Reiko’s own teaching experience began at age 18 while an apprentice at San Diego Ballet, and it was completely unexpected. “The director had known me from San Francisco Ballet, and one day he had nobody to teach the company class,” Reiko says. “He came up to me and said, ‘You’re teaching company class tomorrow.’ I said, ‘I’m not teaching company class tomorrow! An apprentice teaching company class? Are you out of your mind?!’

 

“I gave no corrections that first day I because there was NO WAY I was going to give company members corrections. But then the director’s wife said, ‘If you’re the teacher, you’re the teacher.’ So, at the next class I gave this girl a correction, and I explained it as clearly as I thought I could. She did it perfectly and stopped on demi-pointe, and I thought, ‘Oh God! It worked!’

 

“I’ve had so many different types of training over the years - I’ve had Cecchetti training, I’ve had NYC Ballet training, I’ve had Vaganova training, I’ve had a year of Bournonville (the Royal Danish Ballet style), and I’ve had teachers who used to be with Diaghilev. What I find is that you take what you can take from what you’ve been offered - what works for your body. Because unless you’re in Russia and have been hand-picked as a very specific physical type, then that training is not going to work on you. It works for that type of body, but it doesn’t work for everybody.
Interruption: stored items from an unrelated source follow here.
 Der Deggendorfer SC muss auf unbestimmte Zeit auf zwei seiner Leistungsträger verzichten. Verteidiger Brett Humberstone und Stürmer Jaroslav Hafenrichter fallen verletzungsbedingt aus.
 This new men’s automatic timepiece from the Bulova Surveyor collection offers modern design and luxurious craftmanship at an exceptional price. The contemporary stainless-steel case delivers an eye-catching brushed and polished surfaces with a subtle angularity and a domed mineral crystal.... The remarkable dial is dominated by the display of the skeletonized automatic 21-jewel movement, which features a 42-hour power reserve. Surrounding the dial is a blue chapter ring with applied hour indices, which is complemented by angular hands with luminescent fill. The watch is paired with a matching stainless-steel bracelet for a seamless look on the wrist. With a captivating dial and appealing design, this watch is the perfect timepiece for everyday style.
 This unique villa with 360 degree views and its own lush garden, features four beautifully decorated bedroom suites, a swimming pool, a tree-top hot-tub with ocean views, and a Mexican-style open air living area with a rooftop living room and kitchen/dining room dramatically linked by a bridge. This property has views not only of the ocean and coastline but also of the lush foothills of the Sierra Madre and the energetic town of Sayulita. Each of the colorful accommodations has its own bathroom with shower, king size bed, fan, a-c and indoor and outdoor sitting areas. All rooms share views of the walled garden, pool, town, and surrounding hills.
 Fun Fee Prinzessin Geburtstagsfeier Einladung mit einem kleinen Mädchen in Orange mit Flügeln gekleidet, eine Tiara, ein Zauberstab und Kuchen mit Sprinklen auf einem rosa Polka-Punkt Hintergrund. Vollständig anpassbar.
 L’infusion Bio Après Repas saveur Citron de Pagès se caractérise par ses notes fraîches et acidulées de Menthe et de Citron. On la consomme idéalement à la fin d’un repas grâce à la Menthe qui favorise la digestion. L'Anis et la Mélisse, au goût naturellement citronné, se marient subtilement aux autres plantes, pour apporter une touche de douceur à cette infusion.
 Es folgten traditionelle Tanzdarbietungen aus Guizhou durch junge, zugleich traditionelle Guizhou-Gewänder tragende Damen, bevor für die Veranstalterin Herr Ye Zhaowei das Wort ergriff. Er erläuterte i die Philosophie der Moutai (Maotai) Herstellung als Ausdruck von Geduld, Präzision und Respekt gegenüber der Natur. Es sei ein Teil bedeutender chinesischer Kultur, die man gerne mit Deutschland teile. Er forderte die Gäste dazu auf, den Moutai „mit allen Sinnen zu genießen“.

You won’t have the feet, you won’t have the turnout, you won’t have the proportions that Vaganova dancers have, and it doesn’t work.

 

“Some people turn better the Vaganova way, some people turn better the NYC Ballet way. Some people turn better with a bent back leg, some people turn better with a straight back leg, and so on. Students need to try all of it. I try to work with students using whatever method suits them.

 

“Through the years, I’ve found different ways of saying the same thing, because people don’t learn things in the same way. It won’t click. But when it does click, you see your student’s face light up, and you realize, ‘I did it! It worked!,’ and there’s nothing better than that.”

 

This multiple-method approach to individual training has always been part of the MBT experience, and was part of Reiko’s appeal for the \assistant director position. “I think Maniya and I are pretty compatible, both in teaching and in personality.”

DANCER'S ED:

Dance education is everywhere.
Here are a few things Reiko feels help make a well-rounded dancer:

 

  • Read the stories of the great ballets, biographies and autobiographies of dancers, choreographers and historical figures in ballet.

  • Swim. It’s excellent for dancers, but not necessarily walking or riding a bike. That shortens your hamstrings. We weren’t allowed to do ice skating or skiing when I was a performer. It was in our contracts. Just too dangerous.”

  • YouTube is a great learning tool. 

  • Watch documentaries and feature films set in the world of ballet - The Turning Point, White Nights, The Red Shoes, Ballet 422.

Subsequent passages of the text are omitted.